The harassment continued as the series went into production. When the second video of the series was flagged on YouTube for "containing inappropriate material" by challengers of the series, it was temporarily blocked. However, Sarkeesian appealed the block and it was lifted. Due to her previous experiences, Sarkeesian disabled comments and ratings for her videos.

In August 2014, after the release of the sixth episode of the video series, which focused on the "Women as Background Decoration" trope, harassment of Sarkeesian had reached such levels that she announced that a threat drove her out of her home.

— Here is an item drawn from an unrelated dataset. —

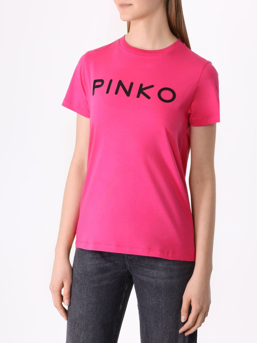 Розовая футболка из мягкого хлопка от PINKO.

She was quoted as having posted on Twitter, "Some very scary threats have just been made against me and my family. Contacting authorities now", followed by a later tweet, "I'm safe. Authorities have been notified. Staying with friends tonight. I'm not giving up. But this harassment of women in tech must stop!"

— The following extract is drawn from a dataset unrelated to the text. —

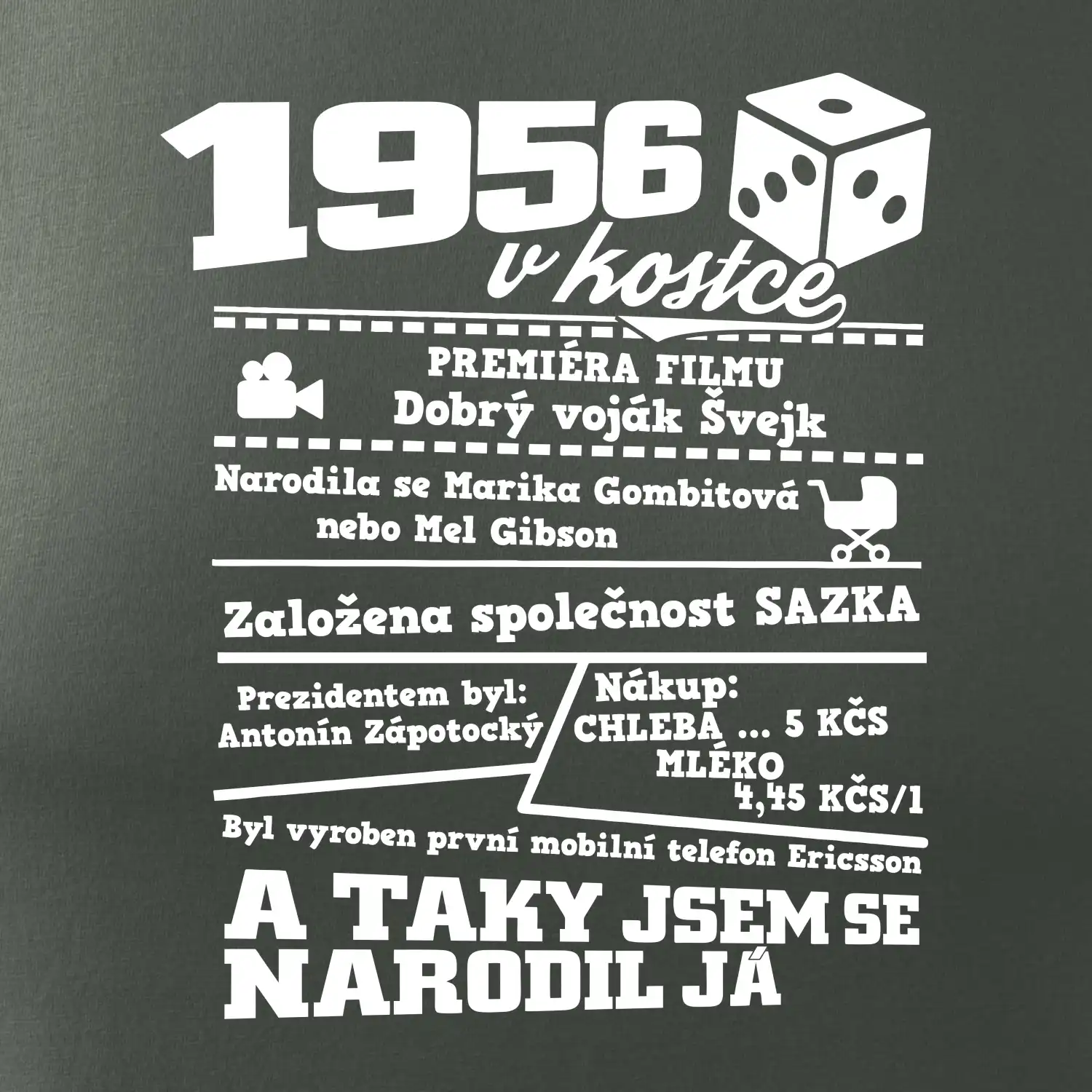 Narozeninové tričko pro ročník 1956. Sháníš originální dárek? Triko pro ročník 1956 v kostce je ten nejlepší dárek, kterým jistě potěšíš. Kolik co stálo? Kdo byl prezident? Kdo se narodil? Všechno tohle a ještě mnohem víc najdeš na našem oslaveneckém triku!

=== Critical reception ===
Nate Carpenter reviewed the "Damsel in Distress" video positively in the journal Women & Language. Carpenter commended the series for rendering the ideas and language of media criticism into a format accessible for a general audience. He judged it limited in failing to analyze the cultural milieu that perpetuates damaging tropes, but overall found it an "intelligent, engaging, and entertaining point of departure" for viewers interested in media studies.

Chris Suellentrop of The New York Times referred to the first four videos of the series as "essential viewing for anyone interested in video games". The series inspired Suellentrop to ask Nintendo designer Shigeru Miyamoto about his frequent use of helpless "damsels" in his games; Miyamoto responded, "I haven't given it a lot of deep thought over the years." Jesse Singal of The Boston Globe wrote that the videos' strength lies in Sarkeesian's "deft[ness] at anticipating rebuttals", and said such work was important in challenging the industry to move away from overused tropes. In 2013, Newsweek magazine named Sarkeesian one of its "125 Women of Impact", writing that regardless of the harassment, "Damsel in Distress" was "racking up accolades".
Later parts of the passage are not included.